A hard day or two stuck in a ditch, watching, waiting. Ice cold rain trickles from my wax jacket into a now sudden overall; filling my boots. You can’t walk off for a piss or knock a door to use the facilities. The heavy weapon makes my arm shake. Watching with tired concentration, occasionally broken by a parading cat. Putting the red spot on a passing fox, like a firefly; for something to do. Dropping the light in front of a cat on the grass, where the tremble of my hand assists with a tiny red dance. Minutes pass then the cat moves on, he doesn’t know what boredom is. I am back to watching down the barrel of a gun. A sandwich bag serves as my waste receptacle; it always has made me retch.
However many stakeouts and undercover jobs you take part in, each one holds it’s own horrors. The cramp and boredom, the urge for the pan, the cat that blows your cover, by playing with a light from the scope; as a kitten would do with a mouse. An occasional fit of coughing can expose you to danger, or simply a ditch filling with rain. In the summer the thirst and smell, the sun that makes your blacks feel like an electric blanket soaked in sweat.
This night was freezing, my partner pressed over my shoulder and lay across my back to try and transfer body – heat. Hail and snow filled the ditch, our teeth chattered and hands shook. Not a movement or a flicker had been seen for two days. We knew the subject was in there… but nothing. The van kitted up was two streets over, they tried to keep us awake with lewd jokes and taunts of snacks, crisp bags rustling.

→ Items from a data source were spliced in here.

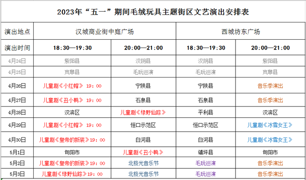 一開場就是重點,小編也不和大家繞彎子了,這個“五一”假期來安康看節(jié)目,天天有好戲~
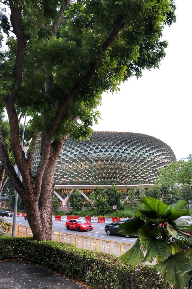 出了地铁,一眼变看见了榴莲形状的新加坡歌剧院。这预示着我们就快走到海滨湾了。一旁的雨树也是长势貌盛,雨树是新加坡道路景观中运用的最多植物。
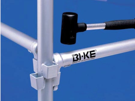 「ビケ足場」は、当社が1980年に開発した日本初のくさび緊結式足場です。それまでの住宅用足場は、ほとんどが丸太等で組まれており、安全性・作業性・耐久性など、多くの問題を抱えていました。極めてシンプルな構造である「ビケ足場」の誕生により、足場作業の安全性や作業性が飛躍的に向上しました。

At Five am we are eventually replaced. Relief came crawling on their bellies from the bushes behind us. Heat and pain shot through our muscles after being unused for days. Every sinew stretched or tightened beyond belief; it was excruciating. Balaclava’s down, safety on, we slither out of sight, only sorry for the stench and state of the hole we vacate.
A hot shower and clean uniforms, and food at headquarters soon refreshed and refuelled us. He had my back, my life, literally in his hands and his in mine; the way it was, it should be. The tiredness began to take over us, showing the pallor of our skin. We sat at our lockers without a word, I retrieved the hip flask from its secreted place; nodded and passed a slug of scotch between us. Wearily we left, both hoping the pager didn’t sound for at least twelve hours. But all the time knowing if it did we’d be there in a flash; no question.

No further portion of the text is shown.